The United States food supply is more reliable than those found in many other countries, but there are still some common scams to look out for: Consumer Reports found that most "wild salmon" advertised in grocery stores is actually of the less desirable farm-raised variety. A lot of olive oil is actually soybean oil and honey and maple syrup can be diluted with water and sugar by opportunists looking to make a quick buck. Click through our gallery to see which foods to beware of.

"It's really just fraud, plain and simple," Gavin Gibbons of the National Fisheries Institute told the USA Today, referring to mislabeled seafood.

I'm not much of a gourmet myself but here's my question: If you buy "wild salmon" and believe it's wild salmon and enjoy it, isn't it just as well that you were able to save a few bucks because you were misled? It's mind over matter.

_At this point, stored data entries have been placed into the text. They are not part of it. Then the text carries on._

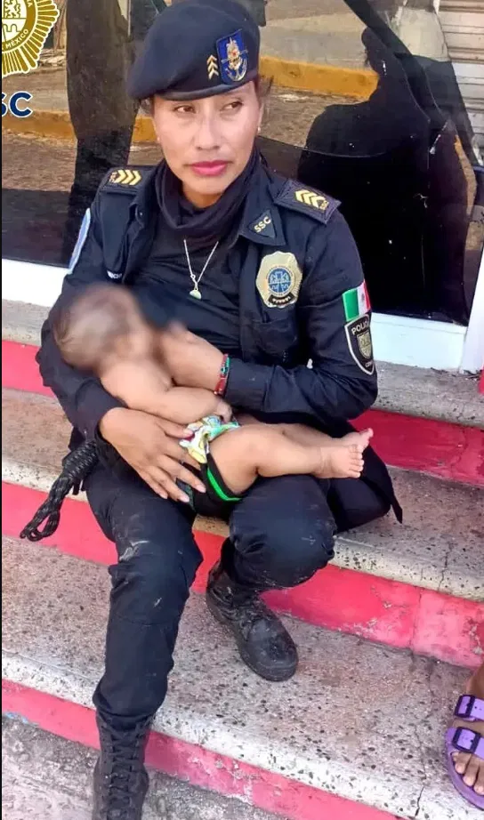 The woman, who accompanied the baby, happily agreed to the police officer’s suggestion. As soon as the woman placed the almost 4-month-old baby on Arizbeth’s body, the baby stopped crying and was satisfied by the body contact and the food.
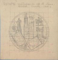 Renfe Boceto a lápiz sobre fondo cuadriculado de una medalla representativa de la líneas de RENFE, abiertas en Huelva Sevilla y Cádiz, con el conjunto de monumentos y escudo representativos de cada uno de las ciudades.
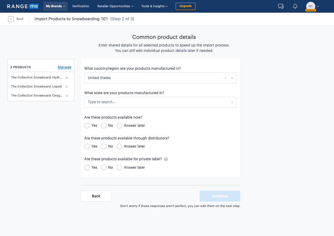 Aquí, completarás algunos detalles faltantes requeridos para publicar tus productos en tu perfil de RangeMe. Ten en cuenta que la información que proporciones se aplicará a todos los artículos seleccionados para esta importación.
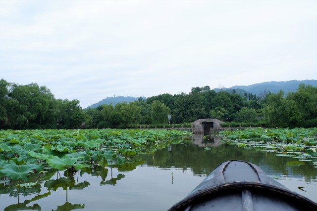 “池面風來波漣漣,波間露下葉田田。” 蓮葉荷塘,在青山隱隱下,一片片碧綠的荷葉熱鬧地鋪展開來。微風徐來,擇一艘烏篷船暢游在“荷”中莫不是最好的選擇?
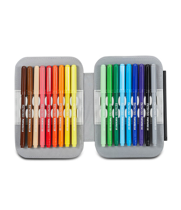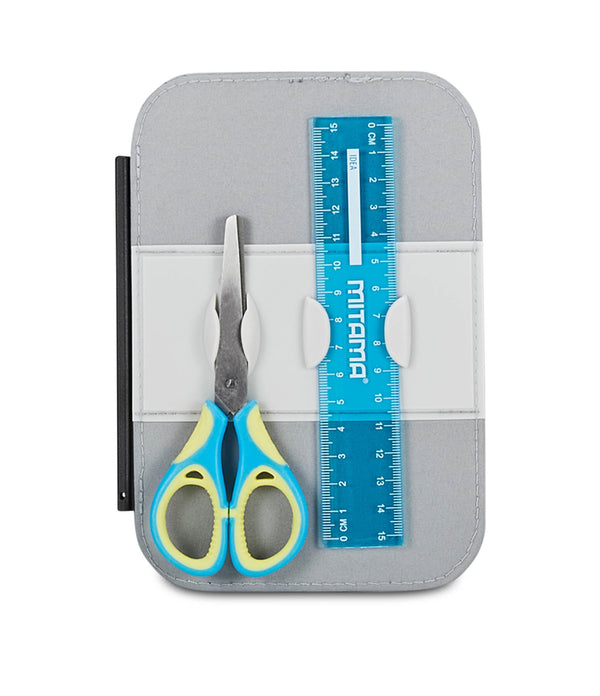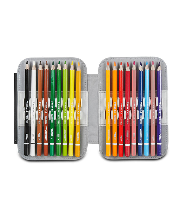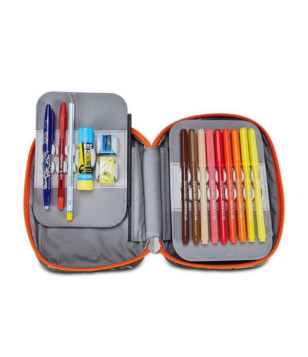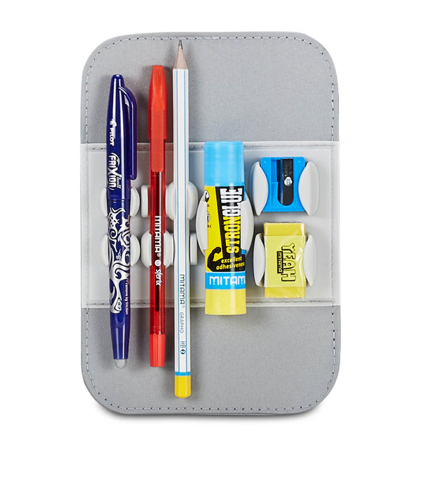 - Single opening via maxi zip, removable planks, flexible rubber hooks for stationery. CONTENTS 44 PIECES: 1 erasable pen blue, 1 erasable pen red, 18 felt-tip pens, 18 colored pencils, 1 graphite HB pencil, 1 eraser, 1 two hole barrel sharpener, 1 glue stick, 1 ruler, 1 metal scissors.
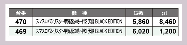 『スマスロバジリスク~甲賀忍法帖~絆2 天膳 BLACK EDITION』も2台揃ってプラスで実戦を終え、470番台は+8,460ptと微笑ましい状況だった。
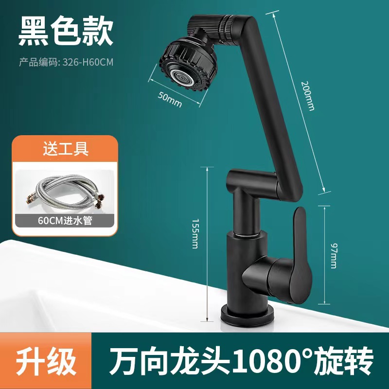 Black Stainless Steel Single Cold-360 Degrees Four Rotatable-80cm Inlet Pipe
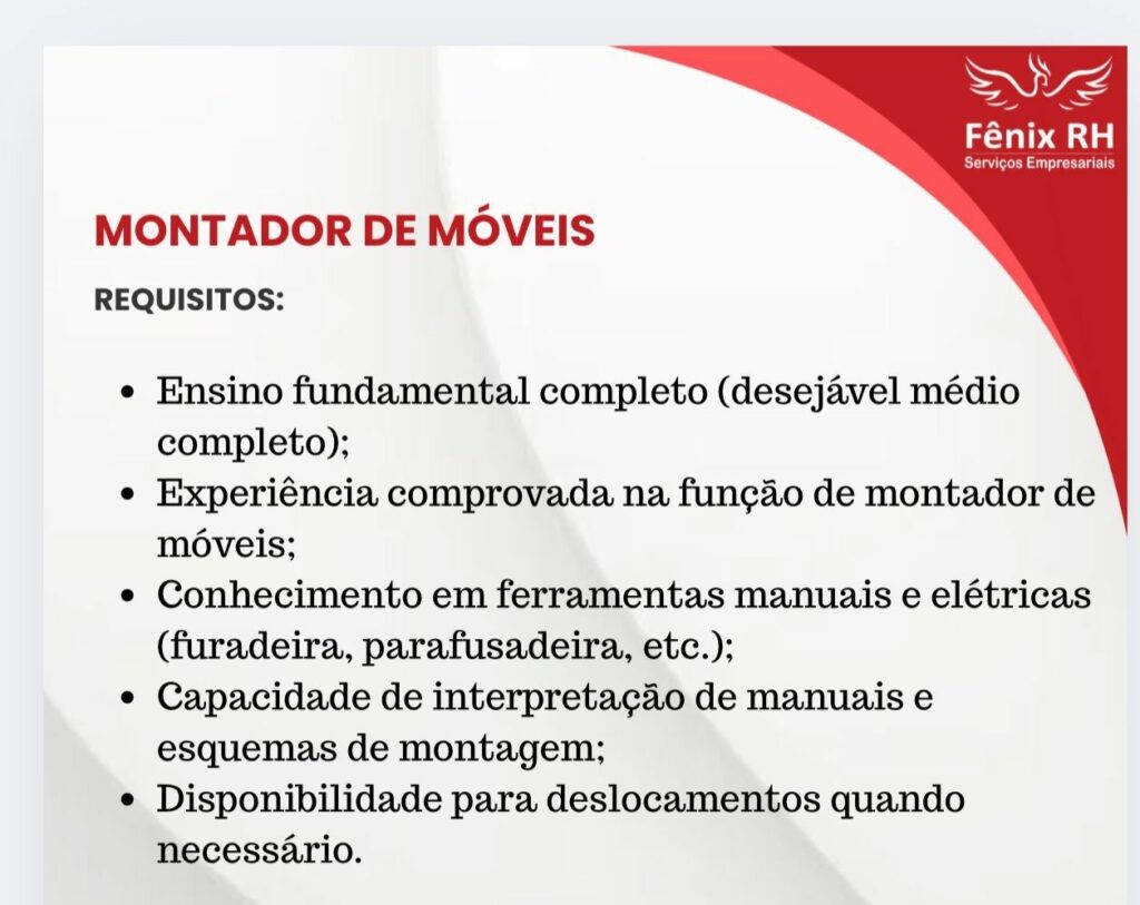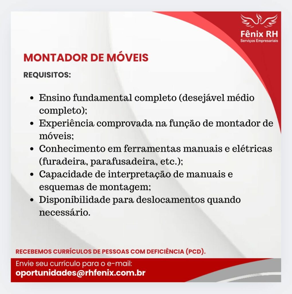 Rh está selecionando Montador de Móveis; Envie seu currículo!
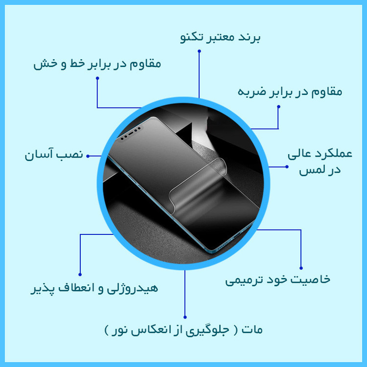 محافظ صفحهنمایشهای مات هیدروژلی تکنو، حفاظتی مطمئن برای دستگاه شما فراهم میکند. با این محافظ، میتوانید از خط و خشهای ناخواسته بر روی صفحهنمایشتان جلوگیری کنید و تجربهی استفادهی بینقصی را به دست آورید. این محصول با داشتن ویژگیهایی چون، خودترمیم بودن، مات کردن صفحه جهت جلوگیری از انعکاس نور، عدم جذب چربی و آلودگی، نصب آسان، یکدست و بدون حاشیه رنگی، برند معتبر تکنو و کیفیت بالا، انتخابی عالی برای حفاظت از دستگاههای الکترونیکی شماست. حتما قبل از نصب کلیپ آموزشی را در اینترنت مشاهده فرمایید. یاداور میشود برای دستگاه هایی که قفل اثر انگشت بر روی صفحه قرار دارد، لازم است بعد از نصب این محافظ، اثر انگشت قبلی معرفی شده را حذف و مجدد تعریف نمایید.
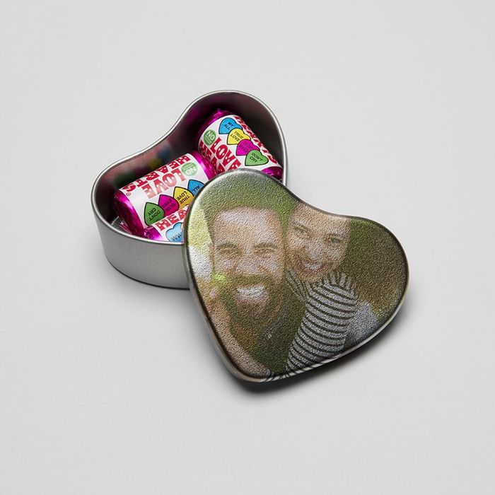 A perfect Valentine gift for someone you love. A me-to-you heart-shaped tin with a photo printed on the surface of the tin giving it an everlasting feel. Packed with love the printed sweet tins come with Love Hearts sweets.
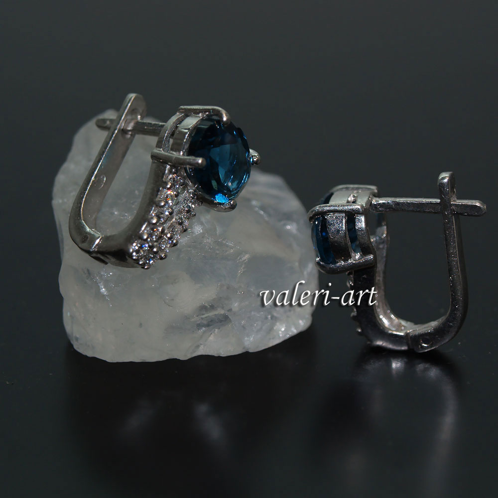 Серьги с лондон топазом в серебре 925 пробы. Украшения из лондон топаза
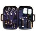 12 pinzas 8 Desarmadores:1 soplete para soldar1 estuche de tornillos1 microfibraEstuche mediano de Nylon con mango tipo portafolios negro
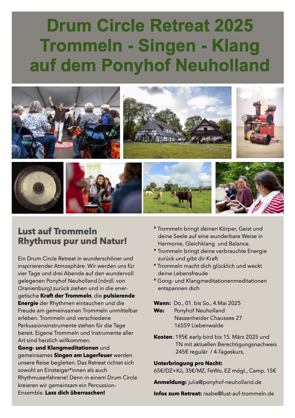 Bereits vor vielen Jahren habe ich diesen wunderbaren Ort gefunden - den Ponyhof Neuholland in Liebenwalde. Mitten in der unberührten Natur, umgeben von Pferden und Ponys kannst du deine Auszeit genießen. Verschiedene Ferienwohnungen stehen für dich bereit. Der wunderschöne Hof wird von den Zwillingsschwestern Julia und Anna seit vielen Jahren liebevoll und erfolgreich betrieben. Immer mal wieder habe ich dort Drum Circles angeboten. Nun auch ein Retreat - auf das ich mich sehr freue.
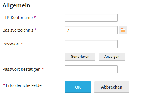 6. Nun können relevante Daten wie der Kontoname, das Basisverzeichnis sowie das Passwort eingegeben werden.

I'm not defending the lying liars who are pushing diluted maple syrup but it's actually healthier if it's thinned out a bit with water. And if you can't tell the difference, who cares? Just be grateful that there's no lead in it.

On some products it matters more. Olive oil is popular in part because of strong evidence of its health benefits and depriving people of that with mislabeled benefits poses a serious problem. In any case, we should not start falling prey to this sort of scam. Today, it may just be water added to your maple syrup, but who knows what's next?